[ACTION ITEM]: Among the entries below, copy only the span from the line containing "We've had two" through the line containing "Trước tiên cắt". Do so exactly, and skip the pictures.

INPUT RECORDS START

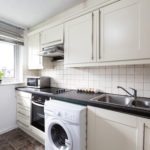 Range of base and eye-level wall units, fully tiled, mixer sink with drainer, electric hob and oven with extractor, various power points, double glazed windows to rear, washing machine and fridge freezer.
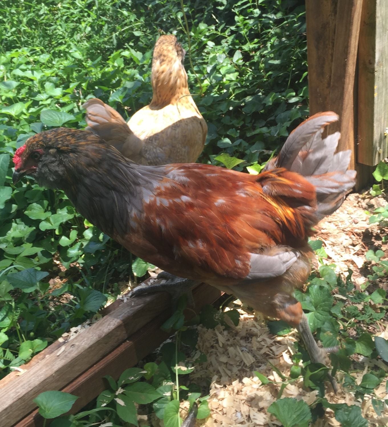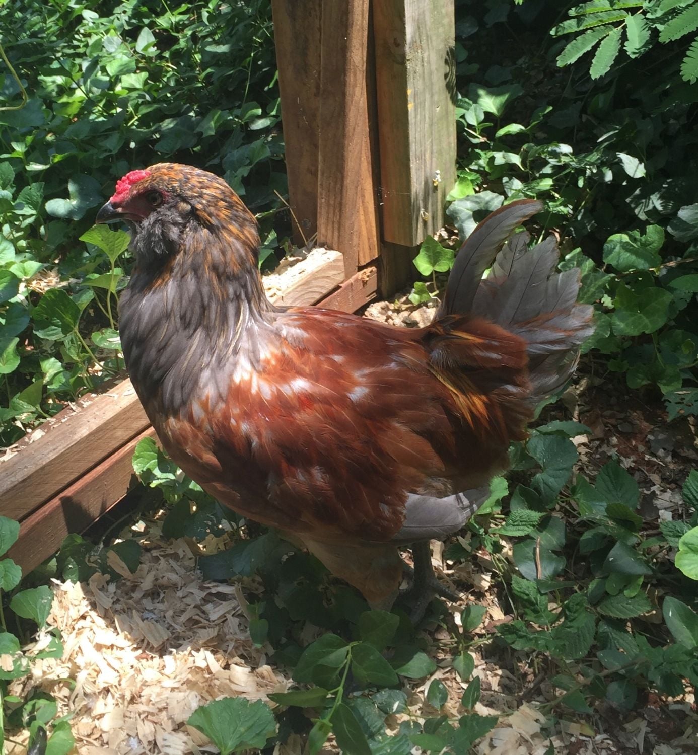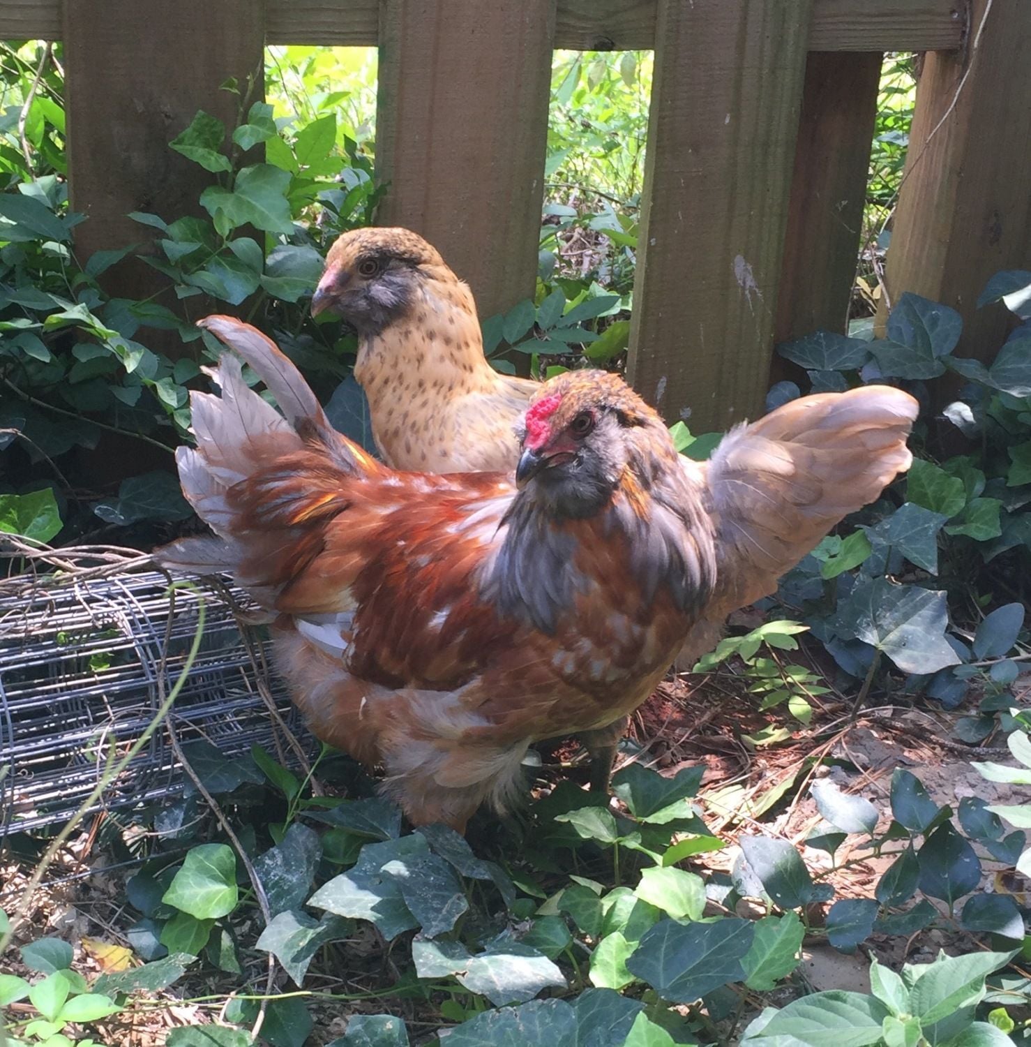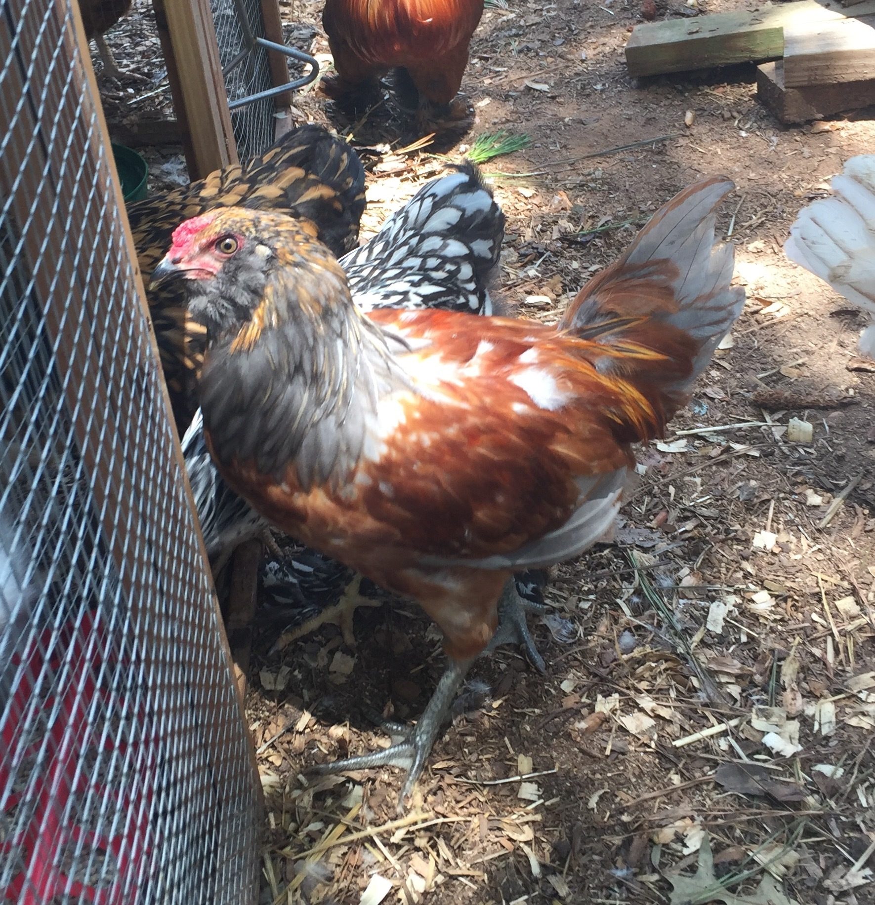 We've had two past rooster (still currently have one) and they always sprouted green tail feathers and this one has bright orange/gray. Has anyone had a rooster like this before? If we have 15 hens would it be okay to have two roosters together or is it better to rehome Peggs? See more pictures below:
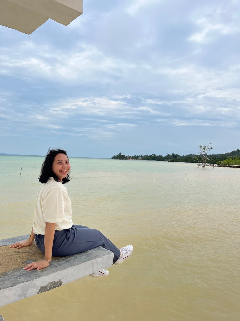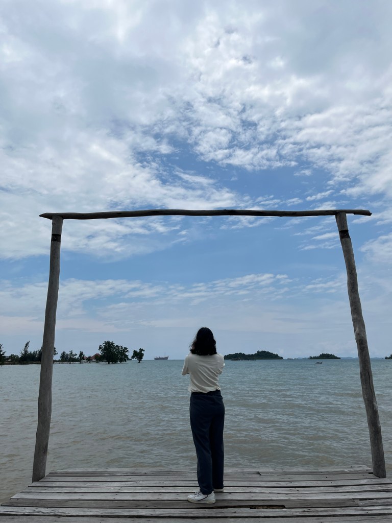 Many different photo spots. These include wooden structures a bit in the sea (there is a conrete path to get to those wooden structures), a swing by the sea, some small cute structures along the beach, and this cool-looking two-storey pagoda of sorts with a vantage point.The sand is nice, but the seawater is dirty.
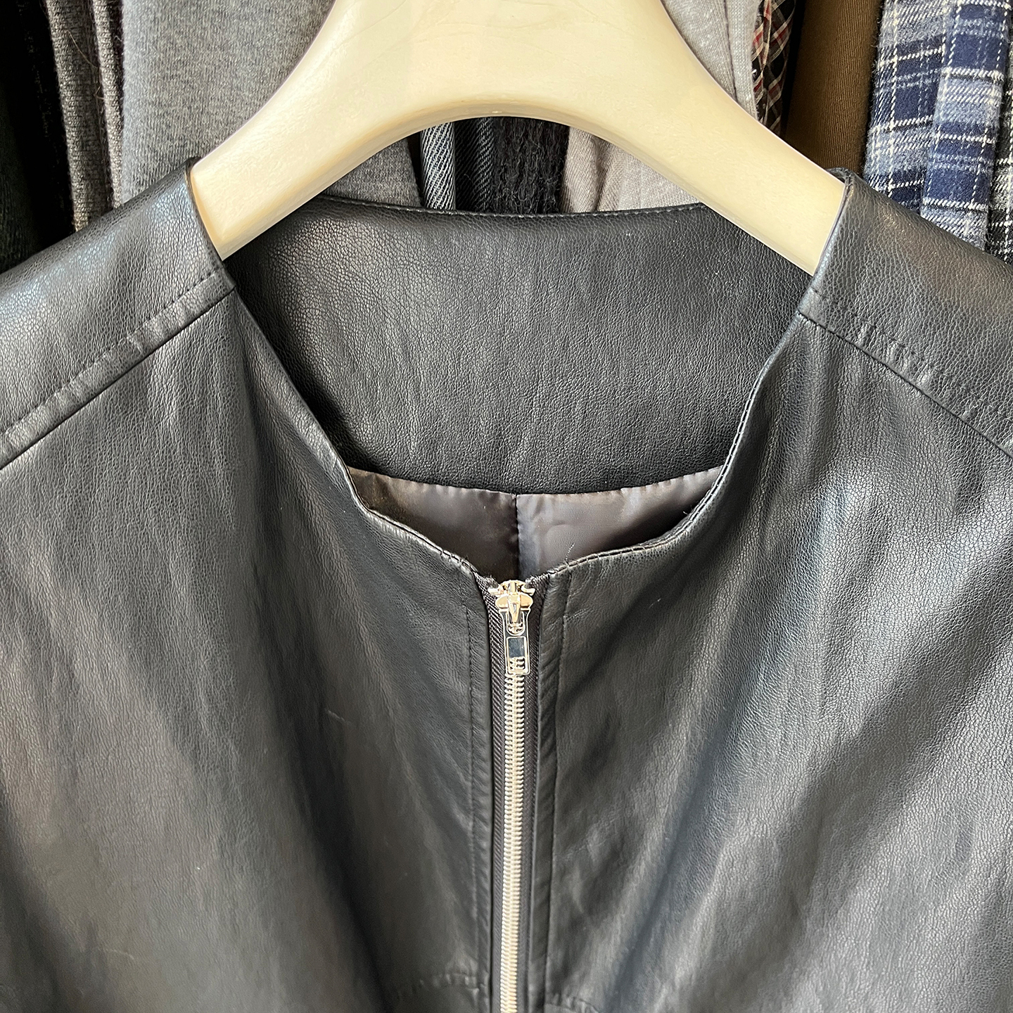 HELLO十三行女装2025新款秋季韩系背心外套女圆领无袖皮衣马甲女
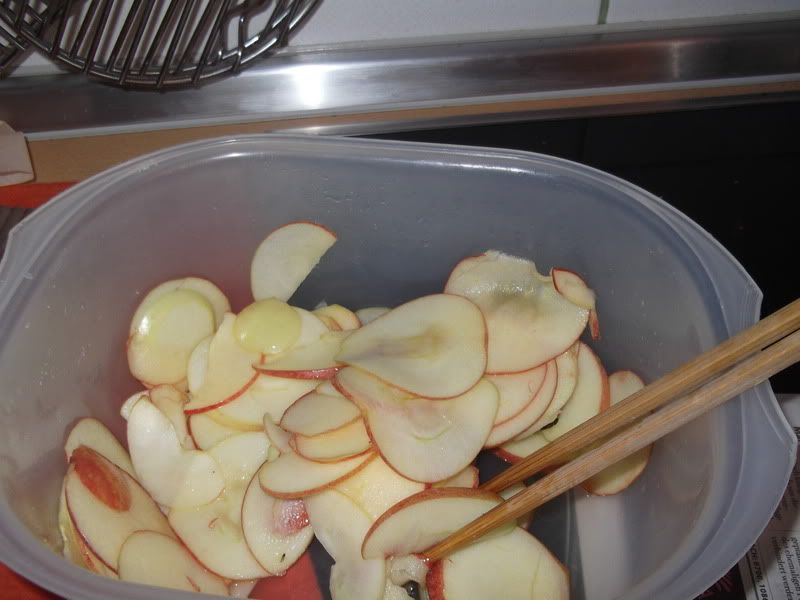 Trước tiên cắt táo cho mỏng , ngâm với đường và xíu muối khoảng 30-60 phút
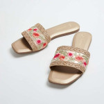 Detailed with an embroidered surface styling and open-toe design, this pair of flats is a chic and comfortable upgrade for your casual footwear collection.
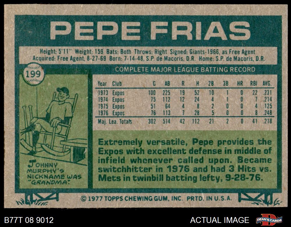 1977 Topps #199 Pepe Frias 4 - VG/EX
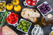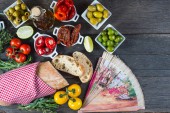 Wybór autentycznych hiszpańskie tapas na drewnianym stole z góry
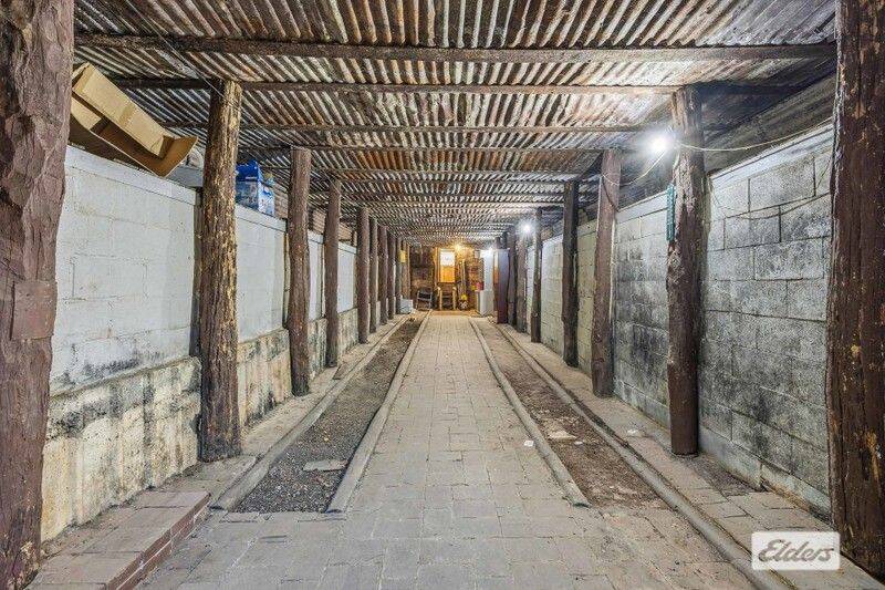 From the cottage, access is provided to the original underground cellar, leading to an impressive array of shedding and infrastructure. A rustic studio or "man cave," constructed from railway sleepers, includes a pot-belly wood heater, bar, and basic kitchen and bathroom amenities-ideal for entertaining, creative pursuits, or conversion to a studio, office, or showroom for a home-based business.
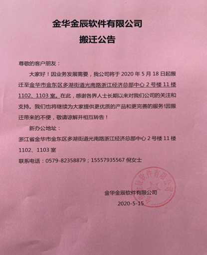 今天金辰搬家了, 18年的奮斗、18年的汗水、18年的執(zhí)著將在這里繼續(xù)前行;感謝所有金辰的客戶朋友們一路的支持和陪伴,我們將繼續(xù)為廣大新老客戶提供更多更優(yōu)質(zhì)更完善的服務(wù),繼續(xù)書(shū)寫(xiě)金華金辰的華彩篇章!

INPUT RECORDS END

[RESPONSE TO THE EXERCISE]:
 We've had two past rooster (still currently have one) and they always sprouted green tail feathers and this one has bright orange/gray. Has anyone had a rooster like this before? If we have 15 hens would it be okay to have two roosters together or is it better to rehome Peggs? See more pictures below:
 Many different photo spots. These include wooden structures a bit in the sea (there is a conrete path to get to those wooden structures), a swing by the sea, some small cute structures along the beach, and this cool-looking two-storey pagoda of sorts with a vantage point.The sand is nice, but the seawater is dirty.
 HELLO十三行女装2025新款秋季韩系背心外套女圆领无袖皮衣马甲女
 Trước tiên cắt táo cho mỏng , ngâm với đường và xíu muối khoảng 30-60 phút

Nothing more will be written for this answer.